HTTPS Virtual Hosts in Apache

Posted on July 2, 2009 by Tommy McGuire
Labels: eclipse virgo, software development, http, linux, osgi, java
Running multiple web sites that allow HTTPS connections on the same Apache httpd server is problematic. Typically, virtual servers (the individual web sites) use named virtual hosting, where the virtual host which serves the site is chosen based on the host name specified in the HTTP Host header. Named virtual hosting does not work for HTTPS because the server cannot interpret the Host header until the connection has been made, and making the connection requires the completion of the SSL encryption handshake used by HTTPS; SSL certificates (without extensions) can only have a single server host name as their subject, and thus the certificate and connection will only work for a single host name. As a result, the named virtual hosting mechanism never has a chance to operate on the incoming connection and the only remaining way to host multiple sites is to add multiple IP addresses to the host and use IP-based virtual servers.

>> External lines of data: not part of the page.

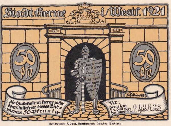 1921 German Notgeld 50 Pfennig note was issued by the City of Kerne (Stadt Kerne), Westphalia, during the profound economic disruption following World War I. With official Reich coinage in short supply, German municipalities produced Notgeld (emergency money) to maintain local trade—often commissioning richly illustrated designs that blended history, morality, and regional identity.
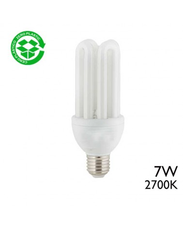 Low consumption E27 screw lamp. Consumes 7W. Warm light 2700K. Triple U-shaped tube. Long lifespan 8000 hours. LAST UNITS
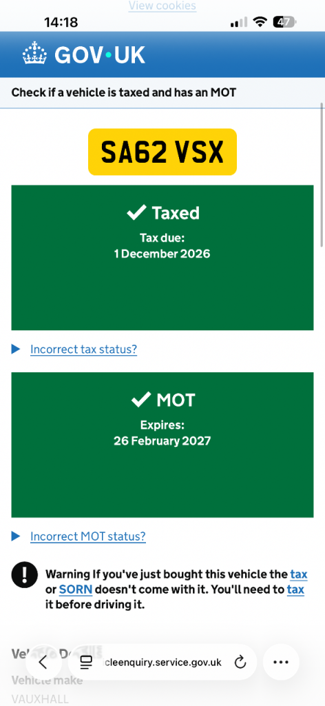 This vehicle has not been reported stolen, scrapped, exported or flagged as unroadworthy.
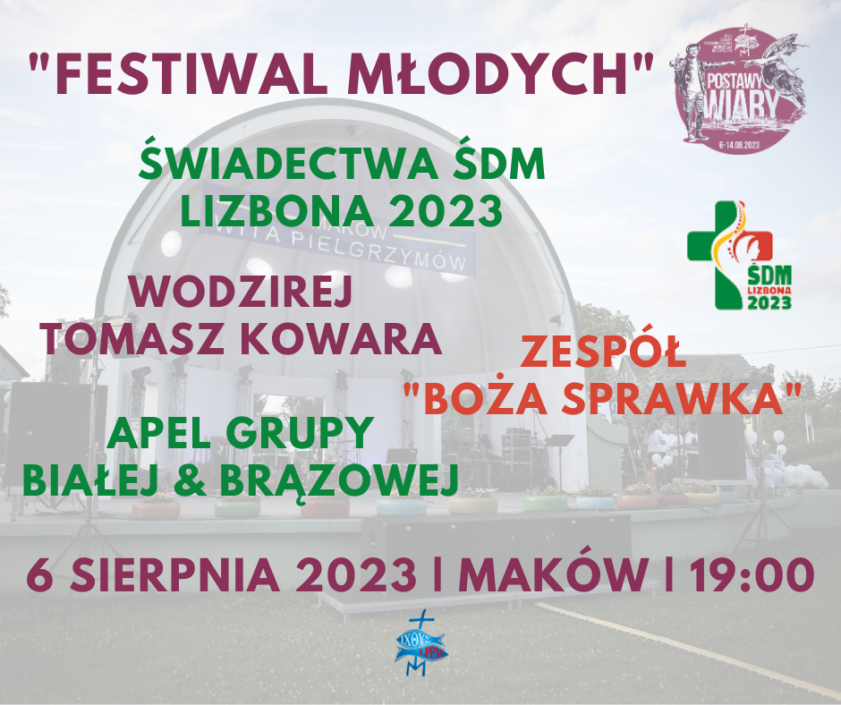 I dzień wędrówki zakończyliśmy niezwykłym koncertem w hali sportowej w Makowie. Zagrali dla Pana i dla nas wyjątkowi muzycy, którzy jak sami o sobie mówią: „Grają na co dzień i od święta, a wszystko, co robią, to po prostu Boża spRawka”. Przygotowali dla nas modlitwę uwielbienia śpiewem, opartą na przesłaniach wszystkich Światowych Dni Młodzieży. Swoją cegiełkę do tego wieczoru dołożyli także młodzi z diecezji łowickiej, którzy aktualnie przebywają w Lizbonie, ale pamiętają o nas w modlitwie i obiecują zawitać na szlak. Dziękujemy także Tomkowi Kowarze – naszemu Przyjacielowi, wodzirejowi i człowiekowi o otwartym sercu, który podzielił się świadectwem uczestniczenia w ŚDM Lizbona 2023.
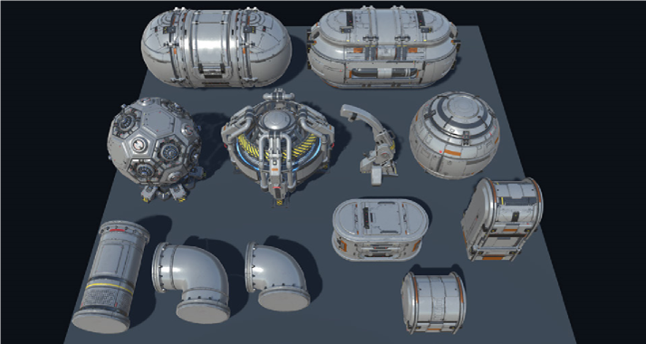 较大的嵌套式Prefab可以由较小的Prefab组成 . 例如,左边的Prefab包括许多电力变压器Prefab,而右边的预制板则展示了不同材料的管道预制板的变种.

The keys to supporting multiple sites using HTTPS and name-based virtual hosting are to use either wildcard names (specified in RFC2818) or the x509 version 3 certificate (specified in RFC3280) subject alternative names extension. I have not used wildcard names, although they allow one certificate to work for any number of hostnames below a given domain: *.example.com would allow any of a.example.com, foo.example.com, or elbow.example.com, but would not work for right.elbow.example.com or www.google.com. Wildcard certificates are much more expensive than standard certificates and are not administratively available in my particular work domain.

Subject alternative names, a.k.a. subjectAltNames, allow a certificate to list a number of host names for which it is valid. For example, a single certificate with www.example.com as its (single) subject could list www.example.com, www.example.org, and webapp.example.com as alternate names; the certificate would be recognized as valid for any of those host names.

Generating subjectAltName certificates



Convincing openssl to generate a certificate or certificate signing request requires changes to the openssl.conf file:

  1. Enable extensions:

    [req]
    req_extensions = v3_req

  2. Add a v3_req section including the subjectAltName field:

    [ v3_req ]
    subjectAltName = @alt_names

  3. List the host names in the proper format in the v3_req section:

    [alt_names]
    DNS.1 = web.example.com
    DNS.2 = dspl.example.com
    DNS.3 = nprop.example.com
    DNS.4 = webdir.example.com
    DNS.5 = hpps.example.com
    DNS.6 = remoteuser.example.com
    DNS.7 = esm.example.com
    DNS.8 = etsapprover.example.com
    DNS.9 = ep.example.com
    DNS.10 = cas.example.com
    DNS.11 = wat.example.com
    DNS.12 = ned.example.com

For more information, see Creating a Certificate With Multiple Hostnames and a discussion from the OpenLDAP list.

Apache mod_rewrite



There are at least two ways of configuring httpd to handle multiple web sites with a single certificate. One resembles the normal name-based virtual hosting (with the VirtualHost directive and everything); the other is the one I have used.

In the first, set up httpd to listen on port 443 and to present the certificate with the subjectAltNames:

NameVirtualHost *:443
Listen 443
SSLEngine On
SSLCertificateFile /etc/....
SSLCertificateKeyFile /etc/.....

Then, add all of the necessary named virtual hosts normally, making sure that they are listening on port 443:


ServerName foo.example.com
# Configuration for web site foo.example.com



ServerName bar.example.com
# Configuration for web site bar.example.com


Now, I have not actually done this, but it looks like it should work.

What I have done is used subjectAltName certificates with a reverse proxy httpd configuration, where each of several applications in an application server appears to have its own server name:

Listen 443
SSLEngine On
SSLCertificateFile /etc/....
SSLCertificateKeyFile /etc/.....

RewriteEngine On

RewriteCond %{HTTP_HOST} ^foo\..*$
RewriteRule ^(.*) http://127.0.0.1:8090/foo-2.2$1 [P,L]

RewriteCond %{HTTP_HOST} ^bar\..*$
RewriteRule ^(.*) http://127.0.0.1:8090/bar-2.2$1 [P,L]


Issues



There are a couple of caveats: when present, the subject alt names list may or may not replace the actual subject of the certificate; if a host name is present only in the certificate subject field and is absent from the subjectAltName field then the browsers I have tried will not recognize the certificate as valid for the host name. Not all clients support subjectAltNames; see SAN Certificates: Subject Alternative Name. Further, there are possibly some security issues with multi-host certificates. Check Phishing for Confirmations for details.